という訳で一瞬でドラゴンとの間合いを詰め、雷電丸を全力で振り下ろす。
「うりゃああああああああぁぁぁ」
雷電丸がドラゴンの体を真っ二つに引き裂く。
……つもりでした。
ギィンと音を立て、雷電丸は弾かれ、くるくると回転しながら、ちょっと離れた地面にサクッと刺さった。
「あれぇぇ?」
やはり素人剣術ではドラゴンは斬れないらしい。
そりゃそうだ。俺はまだLv1だもん。
「余所見とは舐められたものよ!」
余所見しちゃってた俺に容赦ないドラゴンの拳がヒットして20メートルぶっ飛ばされた。測ってないけど。
「がっはっ!」
地に転がり、起きようとしたら、口から大量の血を吐く。
「ゴホッゴホッ!」
「クックック。脆い体の様だな!バラバラに引き裂いてやるわ!」
畜生……俺はこんな所で死ぬのかな……転生したばかりだってのに!死ねない!俺はこんな所で死ぬ訳には行かないんだ!絶対に生きてやる!

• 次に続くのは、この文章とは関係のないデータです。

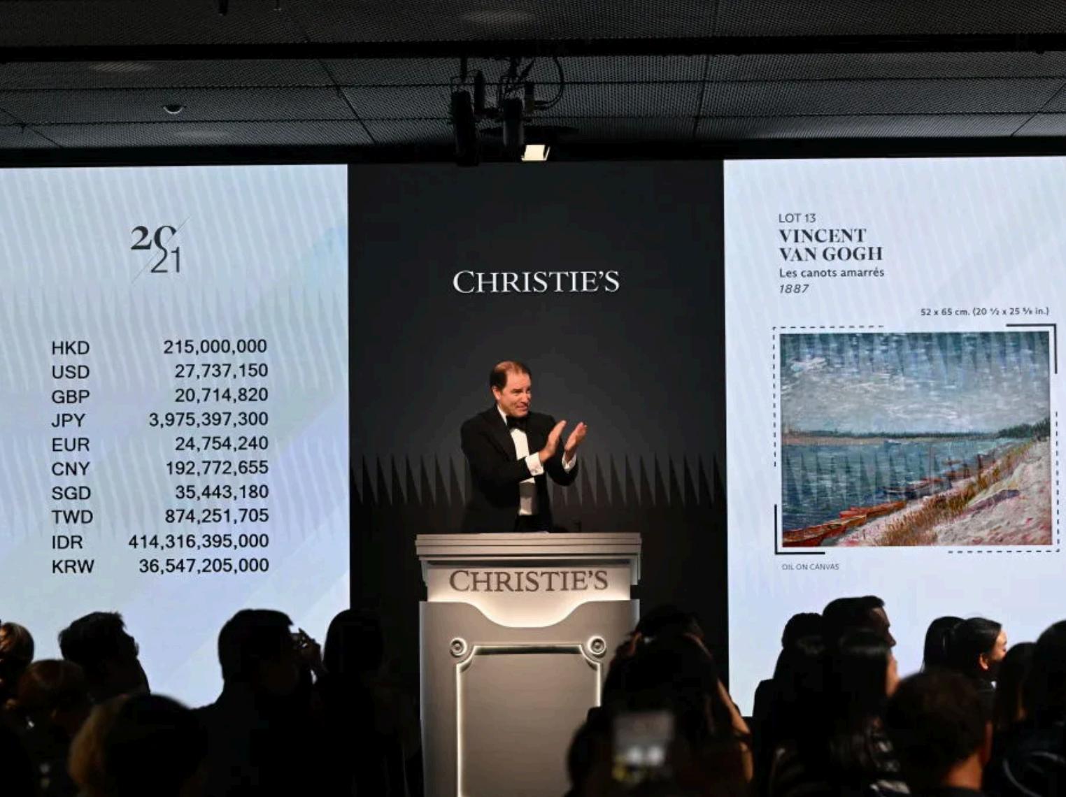 At the inaugural 20th/21st Century sale at Christie's new Hong Kong HQ, a Vincent Van Gogh will be put on the auction block, expected to bring in $50 million. This 1887 piece, Les canots amarrés (The Moored Boats), is owned by Princess Camilla of Bourbon Two Sicilies. The princess decided to sell this beautiful and historic piece in Hong Kong because she was excited by "the rapidly growing and dynamic Asian art market."

だって……だって!まだ、まだご飯も食べて無いんだから!
「こんな所で死ねるかぁぁ!」
「な、何?なんだその力は!」
そうだ。まだ街にも入ってないし、エルフとか獣耳とかにも会ってないんだぁぁ!だから死なない!
「ドラゴンブロウ!」
渾身の一撃をドラゴンの腹に入れるとドラゴンの体がくの字に折れ、頭が下がる。
そのままドラゴンの頭を掴み、肩に乗せて引っ張ってぶん投げた。一本背負い投げだ。因みに柔道部に居た事がある。
「ぐおおお……」
受け身も取れずに叩き付けられたドラゴンが地に這いつくばっている所に追い討ちをかける。
「ヘブンクロス!」
広範囲弩級攻撃魔法ヘブンクロス。
とりあえずこれしか使えないので使ってみた。
すると、天から一筋の光がドラゴンに落とされた。
ズドンっと強烈な音を立て、ドラゴンの体が浮き上がる程だ。だが、まだまだ足らない。
「ヘブンクロス!」
「ヘブンクロス!」
「ヘブンクロス!」
連続で弩級攻撃魔法を打ち込む。
だが、突然意識が朦朧として来て倒れ、意識を失った。